Thank you for your thoughts. I agree in letting cats be themselves as much as possible. And acting like a cat as much as possible interacting with them. I found that early on you can do nothing to frighten a new cat else they will never trust you. When you have established a rapport and they're a little older then you can discipline them a little. For instance, when my cats would scratch or bite too hard while I'm playing with them I give them a little swat on the head and then stop the play session. I get glares but they are not frightened. And they do play less roughly after a few sessions. I don't like constantly swabbing alcohol on my wounds. We do have a scratching post, liberal quantities of catnip mice, some on a string. We have a fenced back yard some we are in the habit of letting our cats out for a little every day. They always sleep inside at night. Our cats naturally come and sleep on the bed with us. Rarely under the covers. Big Guy, however, who I raised from about 2-3 weeks old thought of me as his mom and if he was cold had no problem sticking his nose under the covers and snuggling up to my side. I was so used to him I never minded. He was a all black short hair, very fine hair and very clean. Meowing at them does have a comical effect sometimes. And hissing at them when they are misbehaving works prettly well and can get you some pretty funny looks as well. My cats get to trusting me completely and will look me right in the eye.

I do feel guilt about putting Tigger to sleep. I felt like we had a pact. He gave up his natural lifestyle to live with me and I promised to take care of him.
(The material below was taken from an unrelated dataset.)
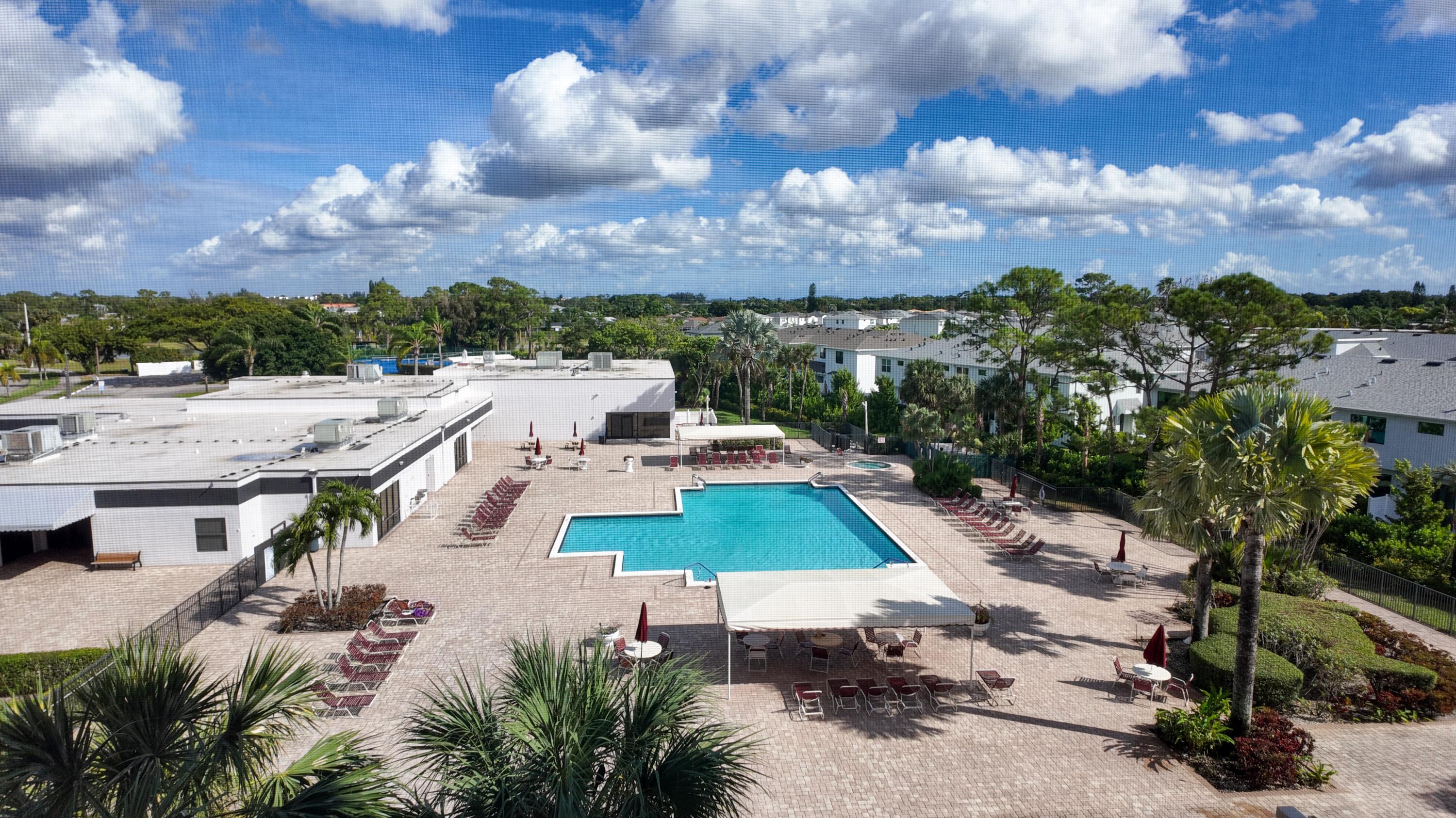 Welcome to this bright, beautifully updated condo in a vibrant 55+ community, offering serene balcony views overlooking the resort-style pool. Ideally located next to the main clubhouse, you'll enjoy effortless access to the fitness center, library, live shows, social events, tennis, and pickleball. Bus service is available, and rent includes water, recreational amenities, and basic cable (BlueStreamTV) service. Experience comfort, convenience, and an active lifestyle all in one place. (Condo comes UNFURNISHED)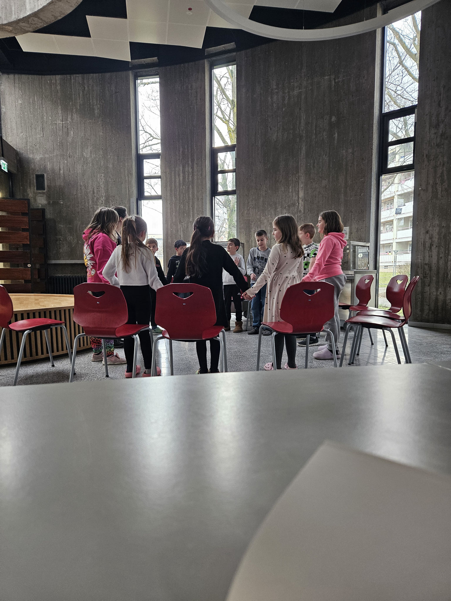 Mit MUS-E® Künstlerin Kerstin Kiefer fanden die Klassen 1a und 1c in den MUS-E® Stunden zum Thema "Gemeinsam sind wir stark!" als Gemeinschaft zusammen und stärkten ihren Zusammenhalt durch gruppenbindende Spiele und Übungen. Die Stunden wurden ritualisiert begonnen und endeten stets mit einem gemeinsamen Ruf, um der Gruppe Sicherheit und Struktur zu geben. Zu Beginn jeder Stunde versammelten sich die Schüler:innen im Bewegungskreis. Hier sagte jedes Kind seinen Namen und machte dazu eine Bewegung, die alle anderen im Chor nachmachten. So wurde die Begrüßung zu einem gemeinschaftlichen Erlebnis. Ein weiteres wichtiges Spiel war "Schön, dass du da bist", bei dem die Kinder lernten, dass das "Wie" der Kommunikation oft eine größere Wirkung hat als das "Was". Unterschiedliche emotionale Haltungen, in denen der Satz gesprochen wurde, verdeutlichten dies spielerisch und halfen, ein tieferes Verständnis für zwischenmenschliche Kommunikation zu entwickeln. Für Spaß sorgte das Spiel "Babbelbonbon", bei dem ein imaginäres Bonbon im Kreis herumgereicht wurde, das die Kinder dazu brachte, Geräusche zu machen, sobald sie es "in den Mund nahmen". Dabei durften nur Geräusche und keine Worte erzeugt werden, was für viele Lacher sorgte. Die restlichen Stunden waren mit weiteren Spielen gefüllt, die den Gruppenzusammenhalt stärkten. Beim Spiel "Au Ja!" konnten die Kinder ihre Phantasie ausleben. Sie liefen durcheinander im Raum, und ein ausgewähltes Kind rief eine Aktivität aus, die die ganze Gruppe begeistert nachmachte. Dieses Spiel förderte nicht nur die Kreativität, sondern auch das Gefühl der Selbstwirksamkeit. Beim Tiere-Raten schlüpften die Kinder in die Rolle von Tieren und drückten deren Bewegungen ohne Geräusche aus, was ihre Beobachtungsgabe und den körperlichen Ausdruck schulte. Das beliebte Stopp-Tanz-Spiel, bei dem die Kinder ihre Körpergeschicklichkeit und Aufmerksamkeit unter Beweis stellten, erreichte Kultstatus in der Klasse. Es gab sogar zwei Varianten des Spiels: eine, bei der ausgeschiedene Kinder nach kurzer Zeit wieder mitspielen durften, und eine strengere Version, bei der nur ein Kind am Ende übrig blieb. Das Projekt umfasste viele weitere Spiele, wie das Memory-Spiel mit Menschen und das Klammer-Fangspiel, die den Schüler:innen halfen, als Gruppe zusammenzuwachsen und dabei viel Spaß zu haben.

I know he was not ready to "give up". At great expense and uncertain outcomes I could have kept him alive longer. But I chose to save him from continuing agony and end his life. He would not have chosen that path and I will not fool myself into thinking that's what he would have wanted.

We will get another cat, perhaps two, soon. I found a nice article about the origins of the domestic cats here:

http://news.bbc.co.uk/1/hi/sci/tech/4585766.stm

Coincidentally, the cat in the picture at the beginning of the article looks very much like Tigger did. Thanks to both of you for the feedback and the advice.